Monday, April 30, 2012

Heavenly breast of chicken

 These were really juicy and flavorful.

Heavenly Breast of Chicken
 

for 8-12 boneless skinless chicken breast halves

2 cup nonfat Greek yogurt
1/4 cup fresh lemon juice
2 tsp worcestershire sauce
2 tsp celery salt
2 tsp paprika
2 cloves of garlic or 1/2 tsp garlic powder
2 tsp salt
1/2 tsp pepper

Combine above in large ziploc bag
Add chicken breasts to marinade
Marinate overnight up to 24 hours in refrigerator

When ready to cook
Squeeze excess marinade off the chicken in the bag as you take it out
Coat in Panko breadcrumbs

place on rimmed baking sheet or 9x13 dish
drizzle with stick of melted butter (or 1/4 cup EVOO + 1/4 cup butter)
bake uncovered for 45 minutes at 350C (check internal temp for 165-the time will depend on the thickness of the breast- you can always use tenders with this recipe-you would only need ballpark of 25 ish minutes for those)
 

Lemon garlic vinaigrette

This was the best salad dressing we've ever had! I am going to Whole Foods this week to try to find some of the ingredients.
 
Lemon garlic vinaigrette

1 cup safflower oil
Juice of 2 fresh squeezed lemons
6 garlic cloves, crushed
1-3 tablespoons Braggs liquid aminos
1-3 tsp herbamare seasoning

Mix and shake!

The last two items can be found at whole foods or any health food store.  Also add the last two items to taste- I usually make it somewhere in the middle of that range.
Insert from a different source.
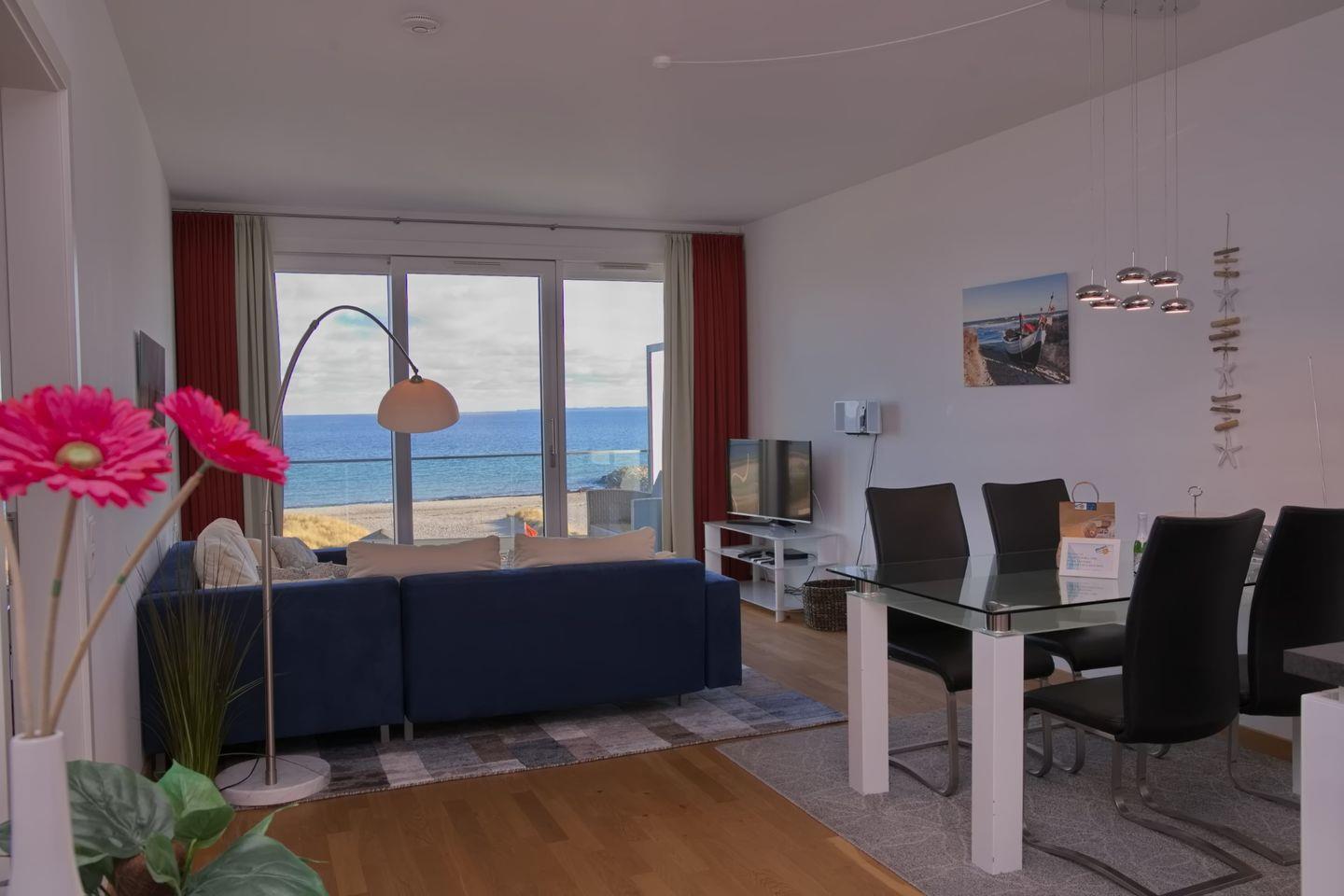 Auf dem großen möblierten Balkon mit Markise können Sie in der Sonne den Panoramablick über die Lübecker Bucht genießen.

Cheesy Chicken and Wild Rice Casserole

I am posting some recipes that folks made to bring over after Lucy was born. This was really hearty and healthy!


Cheesy Chicken and Wild Rice Casserole

3 Tablespoons extra virgin olive oil
1 medium onion, finely diced
3 stalks celery, finely diced
3 carrots, peeled and diced
2 Tablespoons fresh minced garlic
2 Cups shredded, cooked chicken breast
2 Cups steamed white rice
16 oz prepared wild rice (I get mine at Trader Joes, LOVE it)
1 teaspoon kosher salt
1/2 teaspoon black pepper
1/4 teaspoon garlic salt
______
Cheese Sauce
4 Tablespoons butter
1/4 Cup all purpose flour
1/4 teaspoon kosher salt
1/4 teaspoon black pepper
2 Cups chicken broth
2 Cups shredded cheddar cheese
Top with 1 1/2 Cups shredded cheddar cheese

1.  Preheat oven to 350 degrees F.  Heat oil into a medium dutch oven or pot over medium heat.  Saute onion, celery and carrots until softened, about 10 minutes.  Stir in garlic and cook for 1 minute.  Stir in chicken, both rices, salt, pepper and garlic salt.  Reduce heat to low.
2.  To prepare cheese sauce melt butter into a medium saucepan over medium high heat.  Whisk in flour, salt and pepper then slowly pour in chicken broth whisking continuously.  Whisk until thick and nearly boiling then stir in cheese until melted.  Pour cheese sauce into rice mixture then transfer to a 9×13 inch baking dish. Top with additional cheddar cheese and bake for 25-30 minutes or until cheese is melted through.  Serve.